I’m learning to slow down.


To treat narrative as evidence.


To hold lived experience as primary data, not anecdote.


Behaviour Makes Sense in Context


Whether I’m in an MDT meeting, writing a report, or sitting with a supervisee, I’m constantly reminded that behaviour only becomes confusing when we strip it of context.


When we reintroduce:

  • sensory processing

  • monotropism

  • trauma history

  • attachment dynamics

  • systemic marginalisation

  • racialised or gendered expectations

  • executive functioning differences


…what once looked chaotic often becomes coherent.


The more we zoom out, the less pathologising we need to do.

Scripts Are Not Inauthentic — They’re Strategic


In recent conversations (with clients and therapists alike) and my own personal reflections of my own processing needs, scripting keeps coming up.


Scripting to advocate.

Scripting to set boundaries.

Scripting to survive meetings.

Scripting to access services.


I’m increasingly seeing scripting not as masking, but as access:


As emotional labour.

As strategy.


As a form of resistance in systems that privilege quick verbal processing and neurotypical spontaneity.

When someone asks for help drafting an email, preparing a meeting script, or rehearsing language, that’s not dependency. It's scaffolding autonomy.


Standardisation vs Individualisation Is a Live Tension


In service development conversations, templates, pilot projects, documentation frameworks, I keep noticing a friction:


We need consistency.

We need efficiency.

We need governance.


And.


We need nuance.

We need formulation.

We need space for autistic-centred frameworks.


This isn’t a problem to “solve.” More a tension to navigate.


If we standardise without critical reflection, we risk embedding ableism at scale. If we individualise without structure, we risk inequity and burnout.

The work, I think, is developing shared scaffolds that are flexible enough to hold difference.


Leadership Is Relational, Not Positional


Having stepped in and out of leadership roles over the past year, I’m learning that leadership isn’t about hierarchy.


It’s about:

  • Psychological safety

  • Naming the dissonance others feel

  • Integrating neurodivergent frameworks into mainstream practice

  • Gently challenging without shaming

  • Holding complexity without collapsing into certainty


Some of the most powerful leadership moments I’ve witnessed recently haven’t been loud or authoritative.


They’ve been someone saying:


“I don’t think this makes sense when we look at it through a sensory lens.”

Or:

“Can we consider the autistic processing style here?”

Or:

“What might be happening in this person’s nervous system?”

That’s leadership too.


Burnout Is Often a Values Clash


In both my NHS and private work, I’m seeing how often distress isn’t just about workload.

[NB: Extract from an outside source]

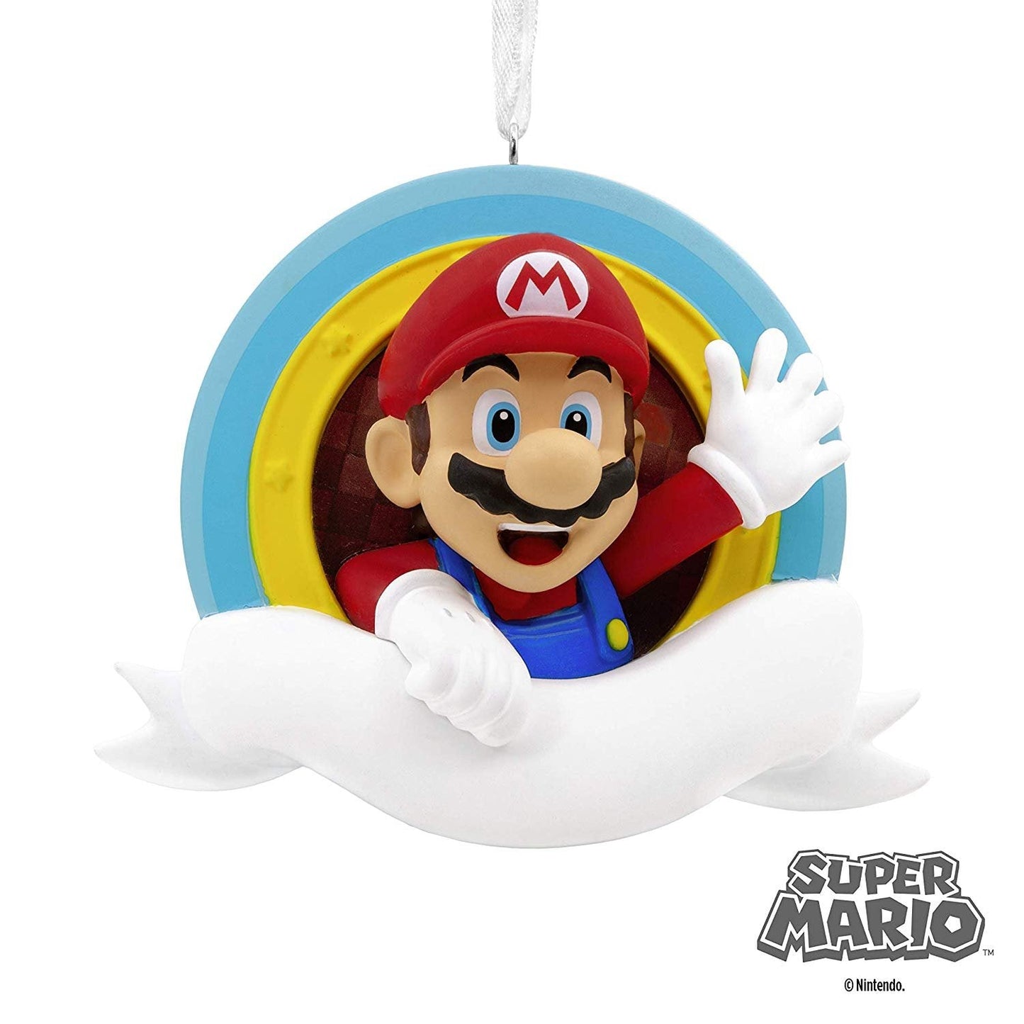 - Power up with this Christmas ornament featuring the star of Nintendo's "Mario Bros." video games. Includes space to customize when you write in a name or date with a thin marker (not included).

It’s about moral and cognitive dissonance.


About being asked to work in ways that don’t align with your understanding of justice.

About knowing more about neurodivergence than the systems you’re operating within.

About holding awareness of systemic inequities without structural power to shift them.


When therapists are exhausted, I’m increasingly asking:

Is this capacity? Or is this conscience?

The Work Is Structural


Finally and perhaps most importantly, I’m reminded daily that this isn’t just about individual support.


It’s about structures.


If we only respond to crisis moments, we miss the architecture that produces them.

If we only focus on “coping skills,” we miss environmental overwhelm.


If we only look at individual regulation, we miss systemic dysregulation.


The people I work with keep teaching me this:


Their struggles make sense.

Their adaptations are intelligent.

Their distress is contextual.


Our job is not to normalise them into systems that harm them.


It’s to help reshape the systems.

Closing Reflections


If you’ve worked with me recently, in therapy, supervision, consultation, or training, you’ve shaped these reflections.


You’ve reminded me that:

  • Lived experience is expertise.

  • Regulation is foundational.

  • Language carries power.

  • Systems matter.


And that neurodivergent people are not problems to be solved, but humans navigating environments that often weren’t built with them in mind.


I’m grateful for the learning. Always.